Just six months ago, the plucky teenager was caught in the midst of a bitter and highly publicized custody battle and the Bombay high court had granted her custody to her father and stepmother much against her wishes.
So, as soon as she turned a major, Arohi, who aspires to be an aeronautical engineer, returned "home" to King's Circle in Mumbai. Iterating that her bond with her grandparents is much stronger than that with her own father, the youngster is now preparing for her HSC examination.
Dressed in a black T-shirt and jeans, Arohi, explaining her brave decision to run away from home on December 7, said, "I had kept in touch with my grandfather over the phone. Even after my phone was confiscated by my parents, I kept in touch with him through public phones. I wanted to run away on my birthday itself, but my stepmother was in Mumbai at that time. So, I waited for her to begin her journey back to Cuddalore."
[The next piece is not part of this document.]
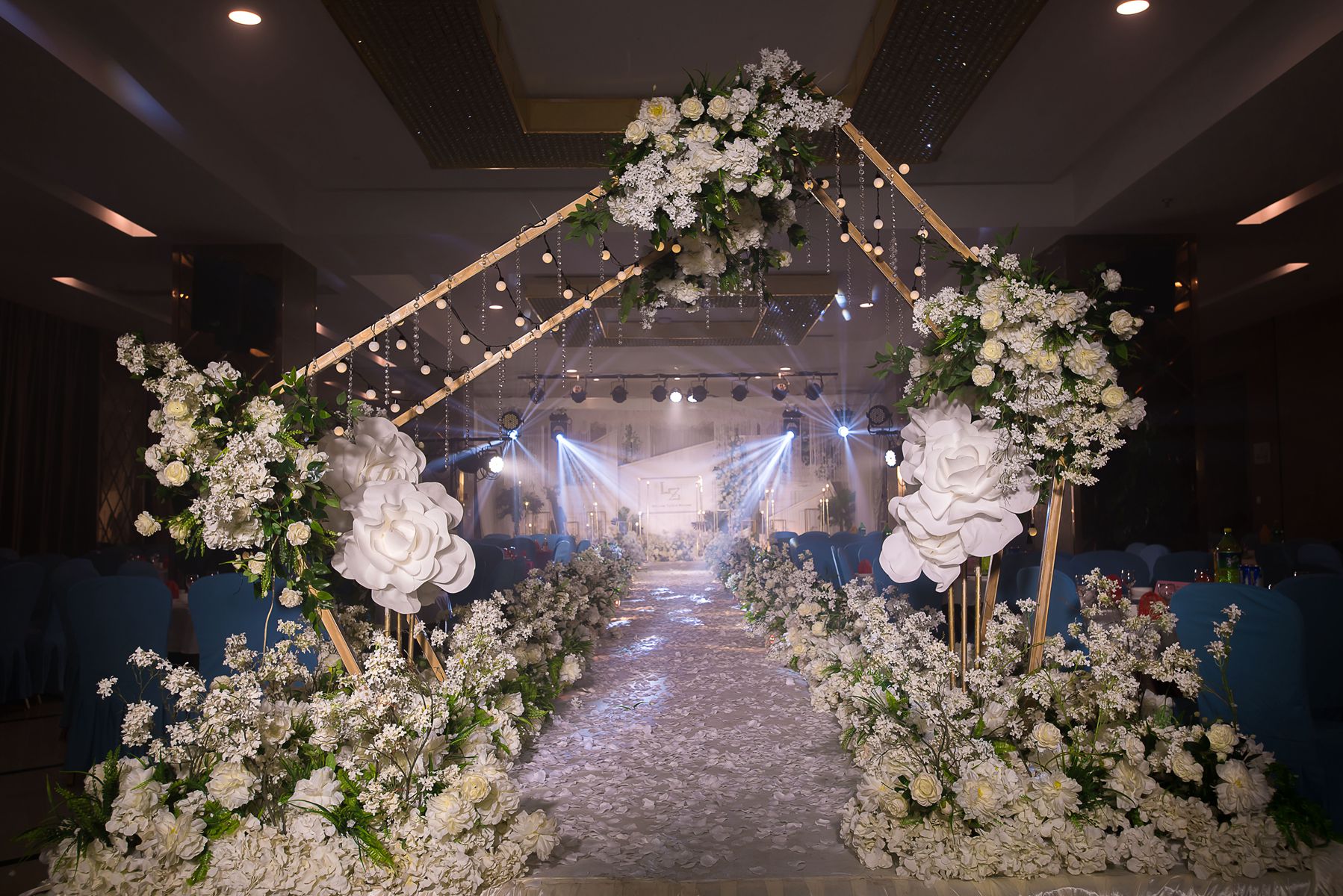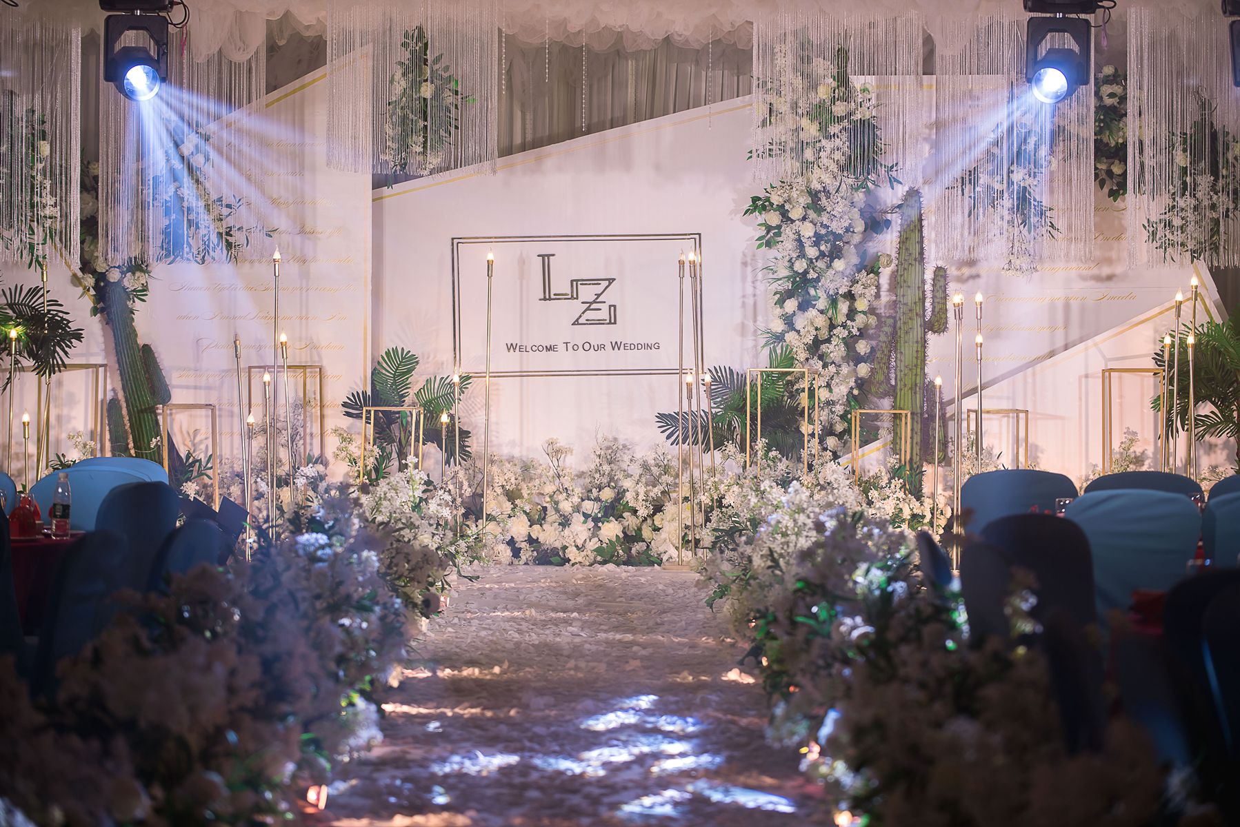 婚礼背景,花厅,T台,路引,音响,帕灯,染色灯,光束灯,追光灯,面光灯。

Revealing that her college friends had egged her on to listen to her heart, she said, "I took the afternoon bus to Puducherry, which is not very far from Cuddalore. My grandmother's sister lives there. I reached late in the evening and spent the better part of the evening in a public garden."
Despite the bitterness, Arohi refrains from using harsh words against her parents. "I just never felt part of the family. My dad was good to me, but when it came to my stepmother he always took her side. She always treated me badly and favoured my stepsister and brother," she said. Arushi also expressed surprise that her father had made no attempts to contact her this time around. "I want to talk to him. But I will call him only once my exams are over."
Arohi lost her biological mother in 1994, when she was just one-and-a-half-years old. Her father remarried, and she grew up thinking her stepmother was her mother. Only when she turned 10 did she learn about her mother. " I used to see her pictures at the homes of relatives but didn't know who she was. I used even visit my grandfather's home thinking they were just relatives. Everytime I used to see my mom's picture in their house, I used to ask my grandmother about her. But she would only sob, never give me an answer," Arohi said, as her grandmother, sitting across the table, smiled. Arohi finally found out about her mother during her aunt's wedding in 2007.
The fact that her father and stepmother had kept her in the dark about her mom hurt Arohi. And when she turned 14, she called up her grandfather and requested him to take her away from home. So, her grandfather went to her school one day and took her to his home. But there was more to come. Arohi's father and stepmother filed a petition with the child welfare committee (CWC) seeking that the girl be returned to them. But the CWC ruling went in favour of the grandfather, and her parents moved the high court.
In their petition, they said they had decided keep the news of her mother a secret until Arohi had reached an appropriate age to cope with the truth. The Bombay high court on April 20 ordered that Arohi be sent back to her parents. Just a fortnight after the court order, when Arohi returned to her father's home in Chunabhatti, her stepmother told her that she and her two step siblings were going to visit their father in Cuddalore where he worked. "But I was shocked when, on my arrival, my father told me that we were to settle down in Cuddalore permanently. Even though I was unhappy with the court order, I was happy that I was still close to my grandparents. This seemed like a well thought out plan to keep me away from them," she said. Arohi, who had failed her HSC exams, due to the stress then enrolled in a diploma course in a college in Cuddalore.